— Problem —
Reproduce the entire listing exactly. Leave the pictures out.

— Data below —

=== Section Start ===

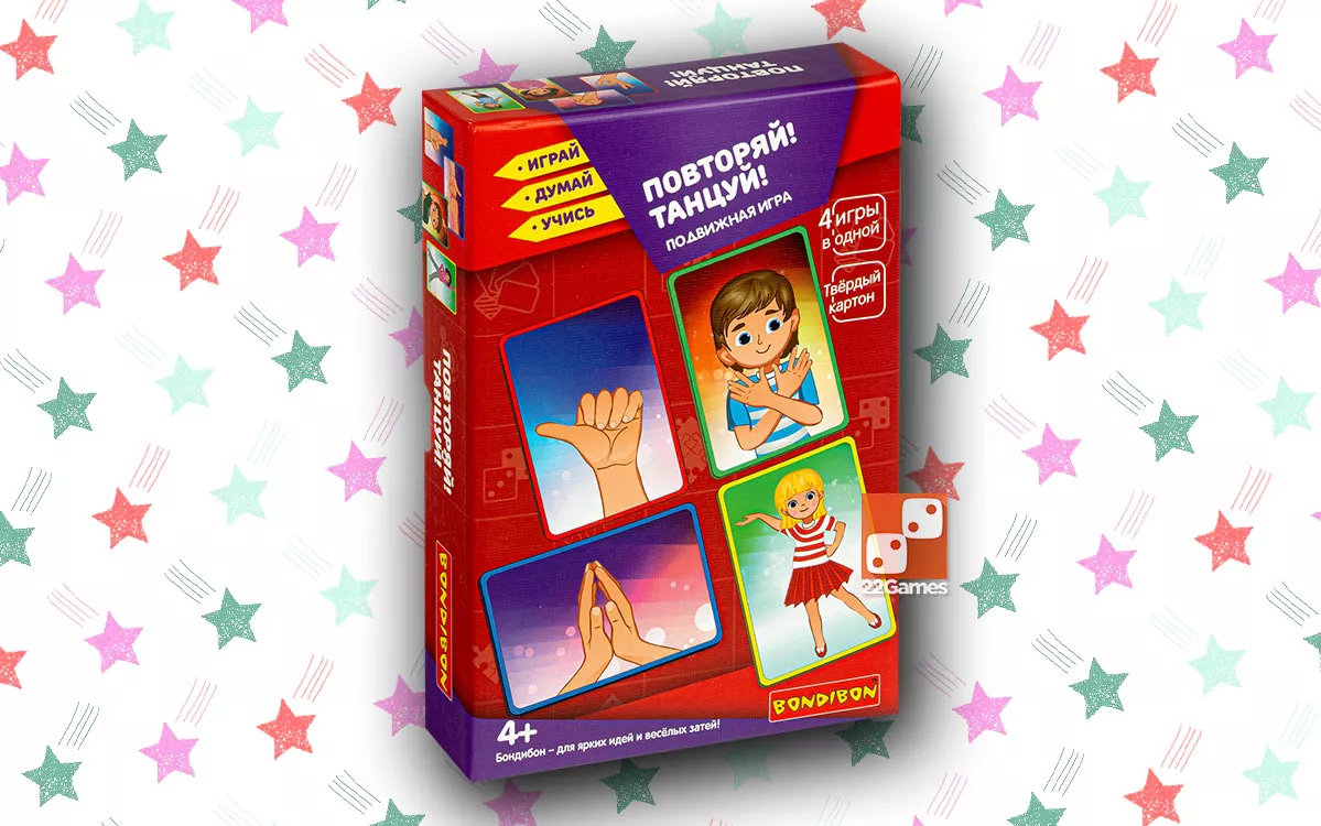 «Повторяй! Танцуй!» из серии «Играй Думай Учись» от Bondibon – это подвижная игра авторской разработки, включающая в себя различные варианты игры. Игра предназначена для детей от 4-х лет, но весёлый игровой процесс увлекает и ребят постарше, и даже взрослых.
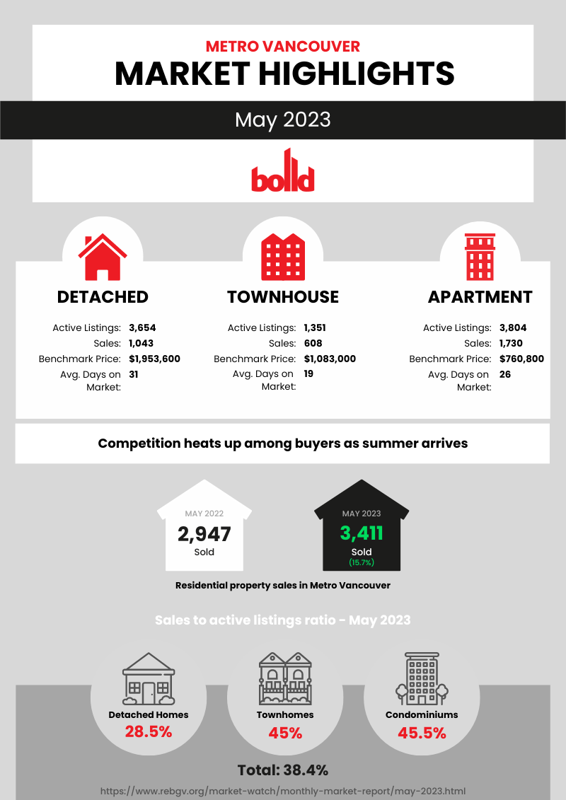 Although the year started slower than usual, the Real Estate Board of Vancouver has announced that the Metro Vancouver housing market is steadily picking up as we approach the summer months. This May, the region saw 3,411 residential home sales, a 15.6 percent increase from the 2,947 sales recorded in May of last year, and a 1.4 percent decline from the 10-year seasonal average of 3,458.
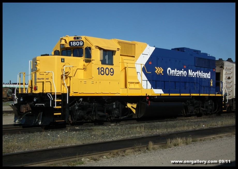 It's hard to believe that it's been over two years since the public was informally introduced to Ontario Northland's new "arrow" paint scheme. Mike Robin shot ONR GP38-2 1809 on September 17th, 2011, at Cochrane, ON. ONR 1809 was the first locomotive to receive the 'futuristic' paint scheme, is prepped to lead the following day's southbound 422/222 Northlander.
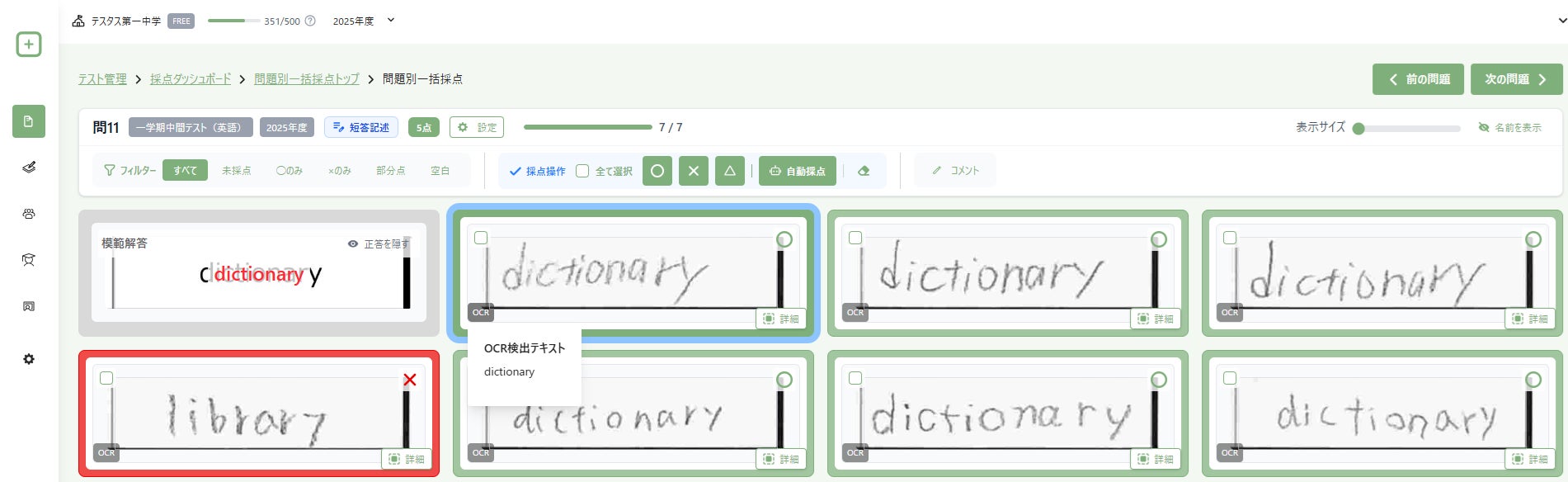高精度なAI採点: 独自の生成AIモデルにより、記号問題だけでなく、従来のOCRでは困難だった縦書きや英数字、記述式・長文問題も高精度で認識・自動採点します。

=== Section End ===

— Written solution —
 «Повторяй! Танцуй!» из серии «Играй Думай Учись» от Bondibon – это подвижная игра авторской разработки, включающая в себя различные варианты игры. Игра предназначена для детей от 4-х лет, но весёлый игровой процесс увлекает и ребят постарше, и даже взрослых.
 Although the year started slower than usual, the Real Estate Board of Vancouver has announced that the Metro Vancouver housing market is steadily picking up as we approach the summer months. This May, the region saw 3,411 residential home sales, a 15.6 percent increase from the 2,947 sales recorded in May of last year, and a 1.4 percent decline from the 10-year seasonal average of 3,458.
 It's hard to believe that it's been over two years since the public was informally introduced to Ontario Northland's new "arrow" paint scheme. Mike Robin shot ONR GP38-2 1809 on September 17th, 2011, at Cochrane, ON. ONR 1809 was the first locomotive to receive the 'futuristic' paint scheme, is prepped to lead the following day's southbound 422/222 Northlander.
高精度なAI採点: 独自の生成AIモデルにより、記号問題だけでなく、従来のOCRでは困難だった縦書きや英数字、記述式・長文問題も高精度で認識・自動採点します。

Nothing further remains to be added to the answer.